おや、クァトロくんが面白くなさそうな顔をしている。この勇者様、兄貴が眠っていたからとイキッていたご様子。
狙撃兵との距離がぐんぐん詰まる。
レーザー砲を軽々と躱した兄貴が、狙撃兵の懐に飛び込んでバラバラにされた。
……ええ? 俺はキョドった。普通にレーザー光線でバラされたぞ……。
いや、まだだ! 兄貴の目は生きてるっ。
「おいおい、テメー弱くなったか? 雑魚ばっか相手にして鈍っちゃいましたかァー? そのションベンみてーなレーザーはさ〜」
命の火が熱く、激しく燃え上がる。
兄貴が叫んだ。
「とっくのとうに攻略されてンだろうがぁ!」
狙撃兵はレーザー光線を連射する。全ての銃口を兄貴に向けて乱射している。
だが通用しない。
兄貴の再生力が被ダメを完全に上回っている。四肢の切断はリアルで言えば大ダメージなのだが、ゲームではそうではないのかもしれない。何しろ傷口がくっ付いてしまいさえすれば、手足はそのまま流用できる。イチから再生するよりもコストの消費が少ない。

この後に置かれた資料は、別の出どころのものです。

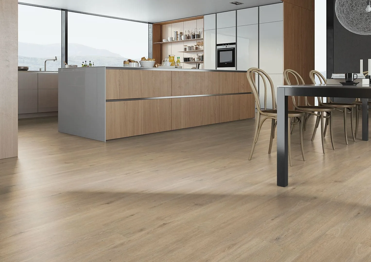 De Belakos Rustico Visgraat 50 PVC-vloer is een stijlvolle, duurzame vloer die perfect past in elk interieur. Met eigenschappen zoals waterbestendigheid, vuilafstotendheid en slijtvastheid is deze PVC-vloer ideaal voor drukbezochte ruimtes zoals de woonkamer, keuken en badkamer. De vloer heeft een realistische houtlook, dankzij de innovatieve register embossing techniek, die de uitstraling van echt hout nauwkeurig nabootst.Naast de elegante uitstraling biedt de vloer praktisch voordeel: hij is geluidsabsorberend en eenvoudig te onderhouden, wat zorgt voor een comfortabel en rustig woonklimaat. De Belakos Rustico Visgraat 50 staat garant voor een lange levensduur en onderhoudsgemak, zonder concessies te doen aan stijl en kwaliteit.Kies voor deze visgraat PVC-vloer en geniet van een luxe houtlook met de praktische voordelen van PVC: waterbestendig, slijtvast en onderhoudsarm.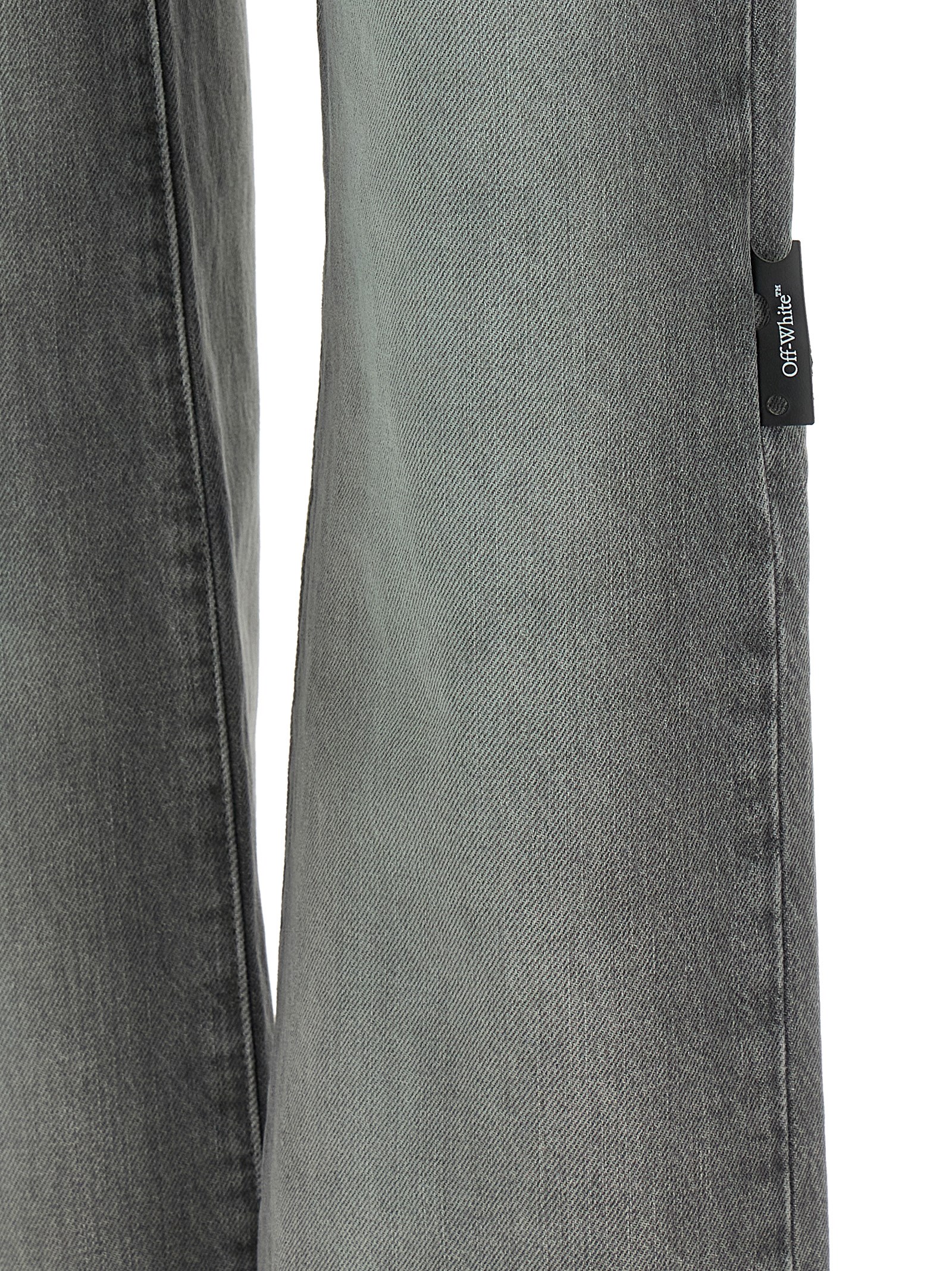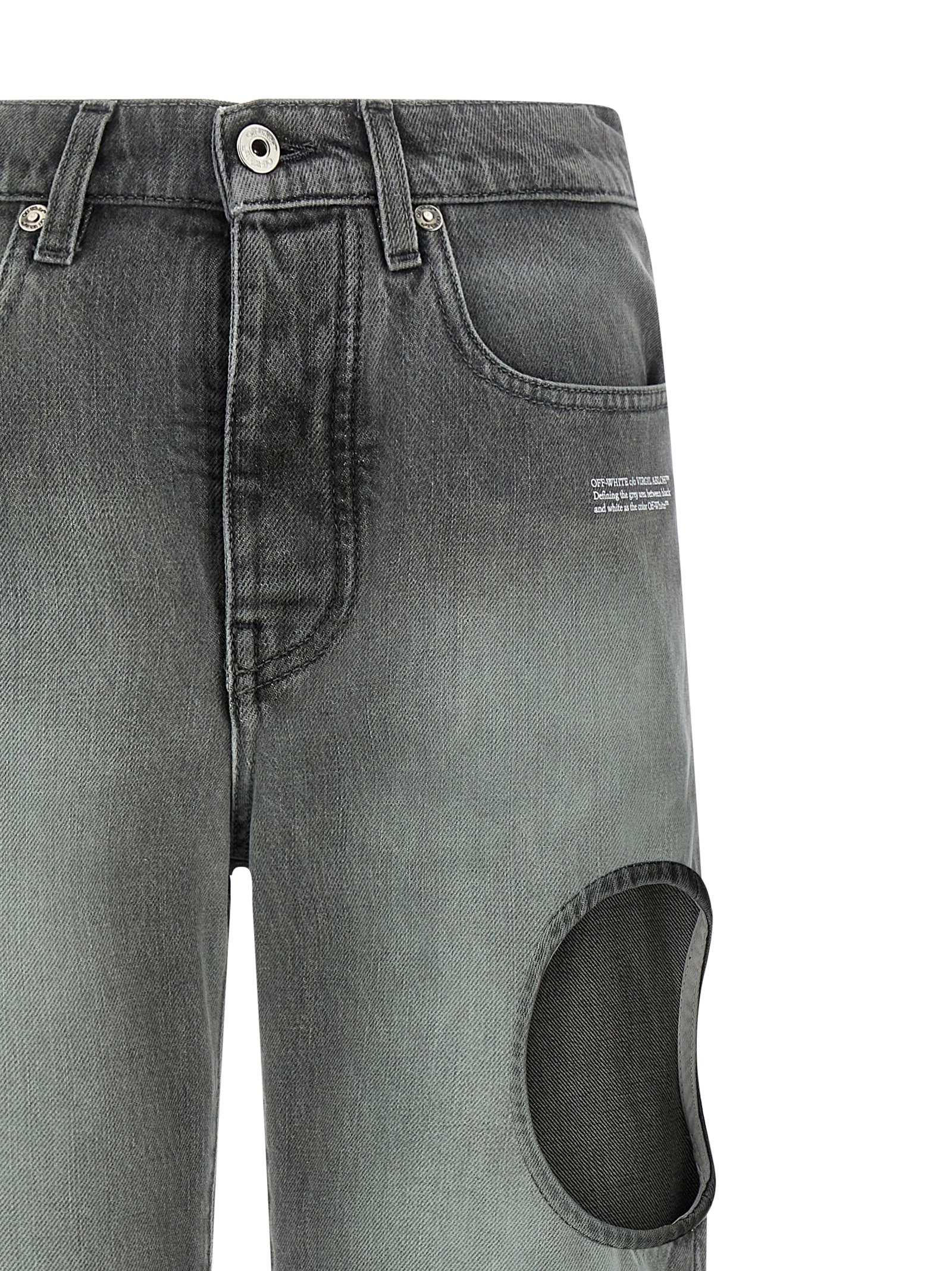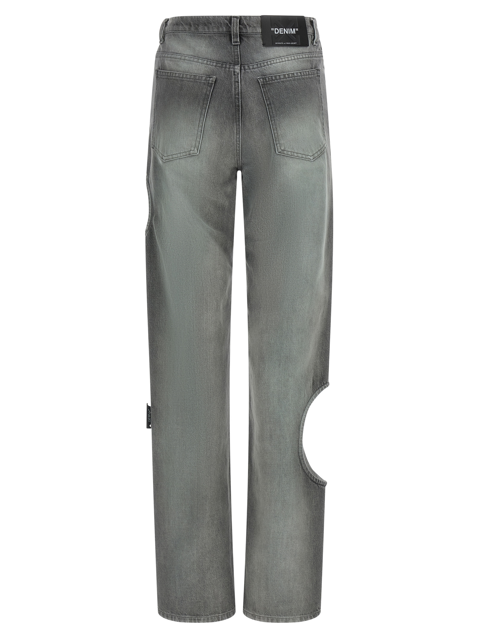 ‘Spray New Meteor’ délavé cotton denim jeans with cut-out hoop details, straight leg, front button print and closure, five pockets, back logo tag.

狙撃兵は、少なくとも兄貴に対しては近接戦を避けるべきだった。最低でも手数で勝負するべきではなかった。そのことを今更になって思い出したかのようにチャージを始めるが、
「遅ぇーよ! 間抜け!」
兄貴のほうが早い。槍で串刺しにした狙撃兵をブン投げ、
「おらっ、30秒っつったろ! 弱すぎて予定狂うわ! もうちょい粘れよ! ワンチャンやるから!」
狙撃兵のウジ虫が一斉に羽化した。ハエだ。ブンブンと耳障りな羽音を立てて宿主の人型ロボットを捨てて飛び立ち、一分の乱れもない動きで兄貴を照準に収める。
兄貴が槍を突き出した。
「やっぱダメだな! お前スペック低いわ!」
穂先から光の輪が放たれる。それらは兄貴を包み込むように二重にも三重にも広がり、連鎖した光波がハエさんの群れを呑み込んだ。……やったか?

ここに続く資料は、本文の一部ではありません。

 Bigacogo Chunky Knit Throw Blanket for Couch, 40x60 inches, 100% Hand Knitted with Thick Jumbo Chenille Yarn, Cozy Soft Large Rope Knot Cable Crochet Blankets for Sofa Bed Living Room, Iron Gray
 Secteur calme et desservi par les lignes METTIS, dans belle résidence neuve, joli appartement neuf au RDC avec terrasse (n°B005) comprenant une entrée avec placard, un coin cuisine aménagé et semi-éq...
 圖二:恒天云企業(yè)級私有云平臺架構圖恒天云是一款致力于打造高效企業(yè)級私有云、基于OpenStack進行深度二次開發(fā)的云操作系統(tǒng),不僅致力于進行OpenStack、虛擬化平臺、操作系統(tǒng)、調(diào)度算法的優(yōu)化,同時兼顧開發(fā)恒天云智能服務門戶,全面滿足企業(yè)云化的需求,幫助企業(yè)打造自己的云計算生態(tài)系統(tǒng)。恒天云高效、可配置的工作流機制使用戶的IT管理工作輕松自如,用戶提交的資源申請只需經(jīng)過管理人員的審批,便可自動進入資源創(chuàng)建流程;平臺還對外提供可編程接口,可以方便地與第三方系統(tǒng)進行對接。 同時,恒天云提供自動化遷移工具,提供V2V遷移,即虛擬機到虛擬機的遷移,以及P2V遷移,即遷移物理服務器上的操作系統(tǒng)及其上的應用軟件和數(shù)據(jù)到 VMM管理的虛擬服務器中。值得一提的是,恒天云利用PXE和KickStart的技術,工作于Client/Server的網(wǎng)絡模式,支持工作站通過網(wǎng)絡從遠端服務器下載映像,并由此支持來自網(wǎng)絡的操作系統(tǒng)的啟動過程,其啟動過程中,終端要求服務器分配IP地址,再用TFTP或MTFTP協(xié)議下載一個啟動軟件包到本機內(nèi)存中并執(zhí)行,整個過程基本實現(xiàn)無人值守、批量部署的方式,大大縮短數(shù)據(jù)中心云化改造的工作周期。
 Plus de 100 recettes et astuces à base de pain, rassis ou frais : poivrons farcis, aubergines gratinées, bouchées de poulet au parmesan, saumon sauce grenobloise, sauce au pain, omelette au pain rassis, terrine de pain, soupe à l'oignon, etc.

いや、撃ち漏らしが居たようだ。ぐっと数を減らしたハエさんが合体して巨大化した。腹から生える銃身を一点に集中し、みゅんみゅんとチャージを始める。
しかし、兄貴はわざと殲滅しなかったようだ。
「おら! トロ! トドメはくれてやるよ! お偉い勇者様だもんな? ちょっとくらいは活躍しねえとよ〜。私って優しくね? ヤバくね?」
「はぁ!?」
クァトロくんは不満げだ。割と初期の段階で流れ弾を食らってバラバラに分解された俺を蘇生魔法で回復してくれている。ふわっと幽体離脱した俺は、クァトロくんの必死の看護の甲斐あって現世に復帰することができた。ありがとね。
クァトロくんが巨大化したハエさんを見る。あまり乗り気ではなさそうだ。兄貴は腕組みなどして観戦モードだ。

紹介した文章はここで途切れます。